I definitely know that Thinkpads have better Linux compatibility, but Thinkpads would not meet my main use case for this laptop (hence my choice). It's also got an Nvidia GTX 4060 in it, which will probably not be optimal from what I hear (so any tips on that are much appreciated as well!). At least it has an AMD Ryzen.

That being said, I would love to use Fedora Silverblue / Kinoite alongside Windows. I know the docs say it will come with some difficulties, but I am willing to give it a crack given some of the latest comments on the issue tracker (https://github.com/fedora-silverblue/issue-tracker/issues/284#issuecomment-1869828571).

How would I go about actually shrinking Windows 11 down to make space for Fedora? Is "partitioning" the right word to use here?

It seems there are a million tools out there for this, but I would like to try to avoid extra tools for it unless there is a really reputable and easy-to-use one (just to avoid bloat).

After I shrink the partition, is it then just a matter of running the installer and using automatic partitioning with the unused space left over after shrinking Windows?

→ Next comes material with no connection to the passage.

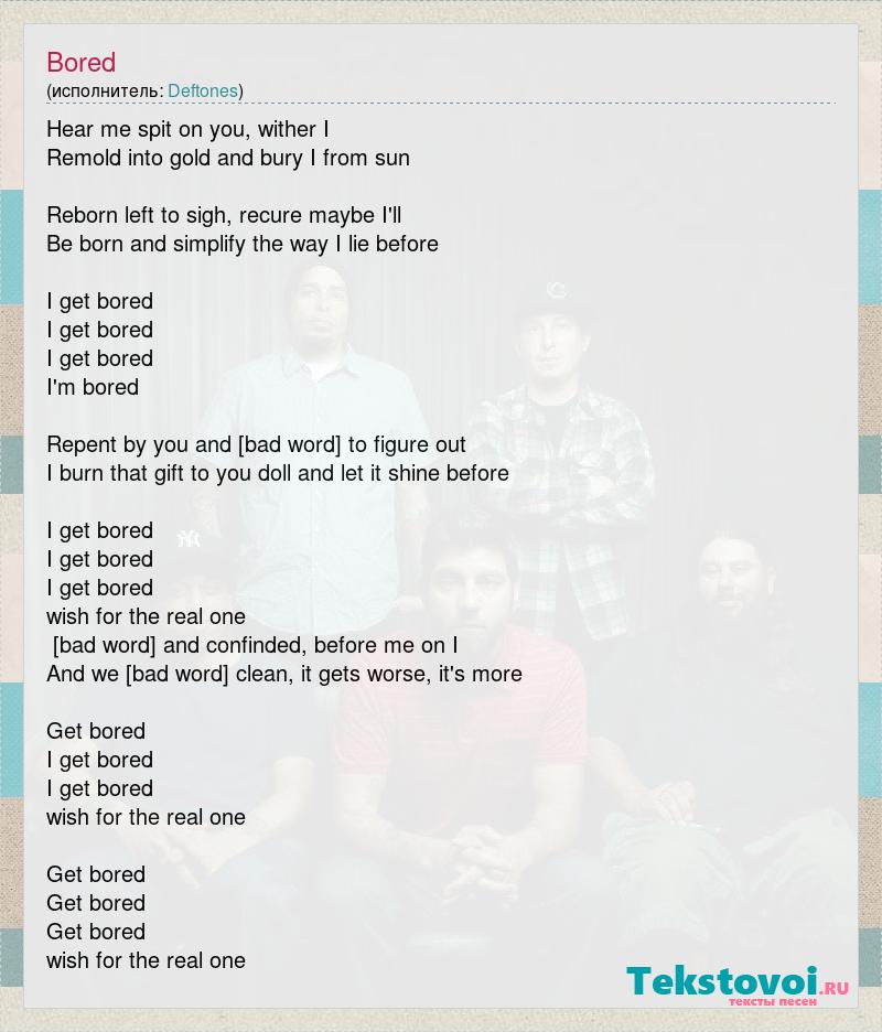 Hear me spit on you, wither I Remold into gold and bury I from sun Reborn left to sigh, recure maybe I'll Be born and simplify the way I lie before I get bored I get bored I get bored I'm bored Repent by you and trust to figure out I burn that gift to you doll and let it shine before I get bored I get bored I get bored wish for the real one [bad word] and confinded, before me on I And we will come clean, it gets worse, it's more Get bored I get bored I get bored wish for the real one Get bored Get bored Get bored wish for the real one

I'm a developer, but honestly the simpler you can explain this process, the better (I'm a web developer with very little experience dual-booting anything at all and have no clue how this process should go down).

Thank you!

Edit: I'd also love to know what kind of issues the docs are actually warning about as far as dual-booting. Will Windows wipe the bootloader on update or will Silverblue / Kinoite wipe Windows out somehow? If it's Silverblue wiping Windows out, that may cause me to go with a different distro - but if Windows wipes Silverblue, it'll be annoying but not a deal breaker (I plan to use Silverblue / Kinoite for development exclusively, so everything will be on GitHub).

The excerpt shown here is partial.